- Origin: Waterford, Ireland
- Genres: Rock, progressive rock, psychedelic rock, folk rock
- Label: Big Skin Records,
- Website: oemperor.com

= O Emperor =

Irish rock band

O Emperor are a rock band from Waterford, Ireland.

Professional ratings
Review scores
| Source | Rating |
| Entertainment.ie | Star Half star |
| Irish Times | Star |

== History ==

===Background===

O Emperor are a five-piece rock band from Waterford, Ireland. All members met in secondary school in Waterford and for these years went under a number of guises, performing covers in pubs and clubs throughout Waterford city. The five went to college in Cork and during this period, evolved into an original outfit now called O Emperor in 2009.

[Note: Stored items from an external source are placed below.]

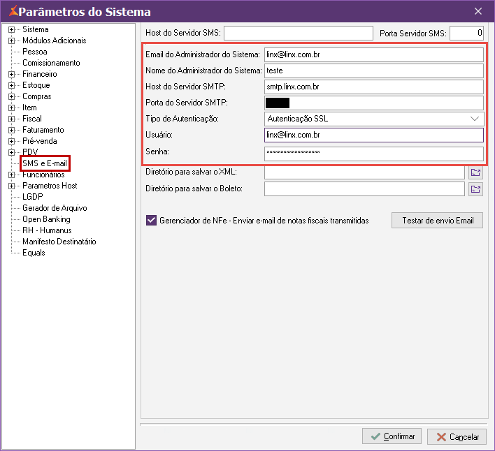 • É necessário que o envio de e-mails esteja configurado no EMSys em Parâmetros de Sistema → SMS e E-mail. Essa configuração garante que a ferramenta envie notificações e comunicações automáticas, com os links para cotações, de forma eficiente e sem falhas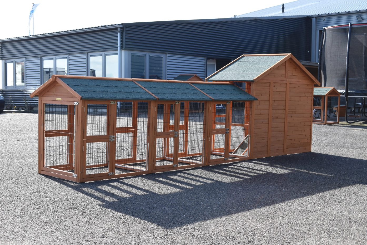 - Der Stall wurde aus schönem Kiefernholz hergestellt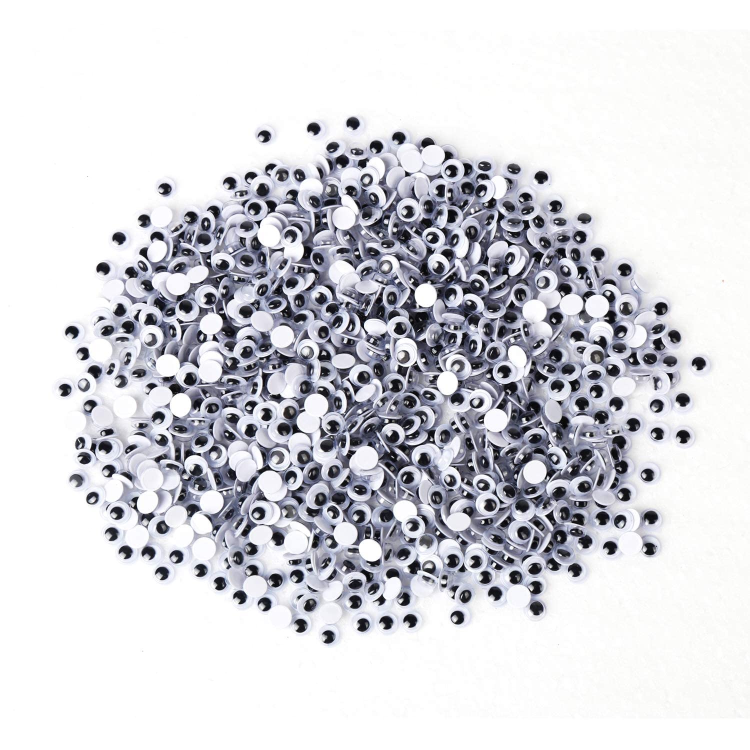 • Package includes: Total 1000pcs black googly wiggle eyes, including 260 pcs 6mm wiggle eyes, 200 pcs 7mm wiggle eyes, 150 pcs 8mm wiggle eyes, 240 pcs 10mm wiggle eyes, 150 pcs 12mm wiggle eyes.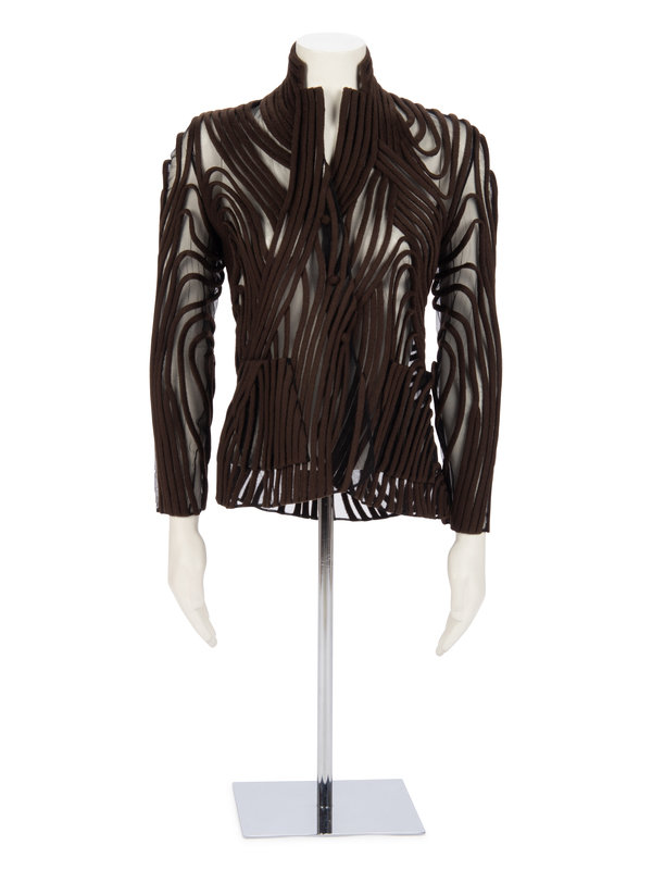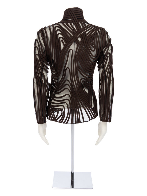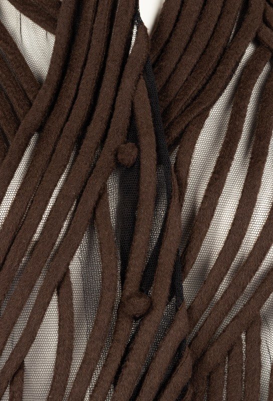 Brown felted cashmere strips on black net fitted jacket with single notch lapel, slim fit sleeves, front patch pockets, and center front felted button closure.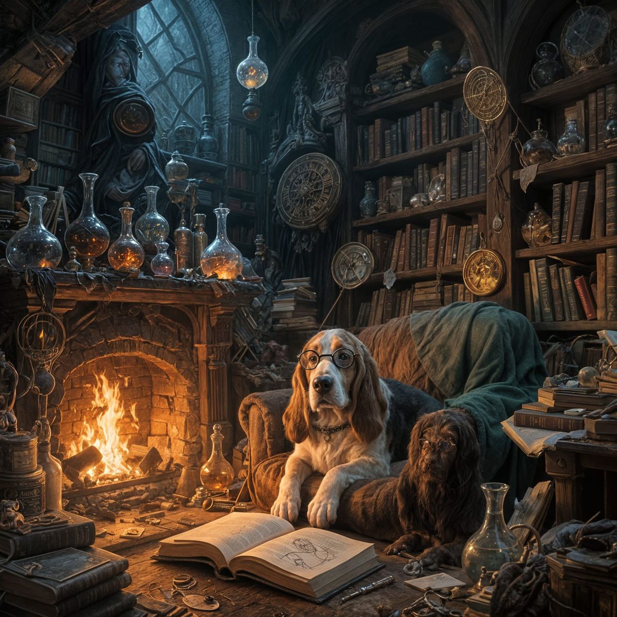 This image depicts a warm, cluttered wizard's study featuring overflowing bookshelves, bubbling potions, and magical artifacts. A bespectacled basset hound relaxes by a fireplace with a spellbook, rendered in atmospheric realism.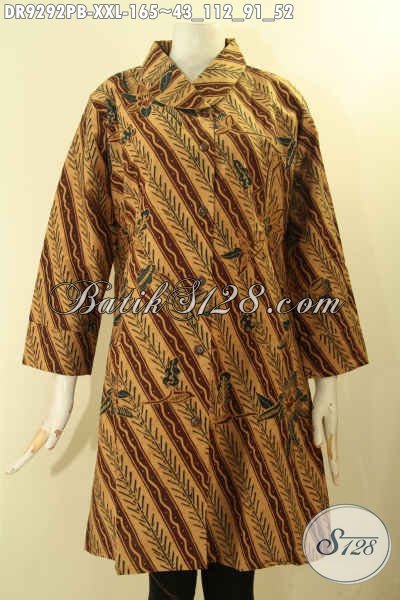 Batik Dress Kerah Miring Bahan Halus Nyaman Di Pakai, Baju Batik Wanita Gemuk Kancing Depan Lengan 7/8 Motif Elegan Printing Cabut, Pas Buat Kerja Kantoran [DR9292PB-XXL]

===Debut album: Hither Thither===

Hither Thither was record after the individual members left college in 2009. The group located to a country house in Kinsale, County Cork and over the course of 9 months, self recorded and produced their debut album.
The record was released through Universal Records Ireland in October 2010 and went on to the nominated for a Choice Music Prize (Irish Album of the Year 2010)

===Present===

The group spent most of 2012 recording material for their second album Vitreous, which was released on June 14, 2013. Two tracks from this session Electric Tongues/Erman Gou were issued as a standalone double A-side single in November 2012.

Vitreous was self-recorded and produced in the band's studio (Big Skin HQ) in Cork city. It has been received positively by fans and described as "the band's most potent and distinct work to date."

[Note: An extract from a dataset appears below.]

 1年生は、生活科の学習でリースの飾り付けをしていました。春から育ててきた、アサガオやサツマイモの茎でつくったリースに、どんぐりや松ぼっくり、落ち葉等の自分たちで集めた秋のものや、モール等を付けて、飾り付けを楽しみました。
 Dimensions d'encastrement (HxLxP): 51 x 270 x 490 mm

In March 2015, the EP Lizard was released.

== Discography ==

=== Studio albums===

| Year | Album details | Peak chart positions | Certifications |
IRL
| 2010 | Hither Thither Released: October 1, 2010; Label: Universal Music Ireland; Formats: CD, digital download; | 6 |  |
| 2012 | Hither Thither (Expanded Version) Released: April 16, 2012; Label: K&F Records; Formats: CD, digital download; | — |  |
| 2013 | Vitreous Released: June 14, 2013; Label: BigSkin; Formats: CD, digital download, LP; | 38 |  |
| 2018 | Jason Released: November 2, 2018; Label: BigSkin; Formats: CD, digital download; | — |  |
"—" denotes a title that did not chart.

===Extended plays===

| Year | Album details | Peak chart positions |
IRL
| 2010 | Persephone Released: January 13, 2010; Label: Self Released; Formats: CD; | — |
| Reverie Released: April 16, 2010; Label: Universal Ireland; Formats: CD, digital download; | 32 |
| 2015 | Lizard Released: March 2, 2015; Label: BigSkin; Formats: CD (Only on stage), digital download; | — |
"—" denotes a title that did not chart.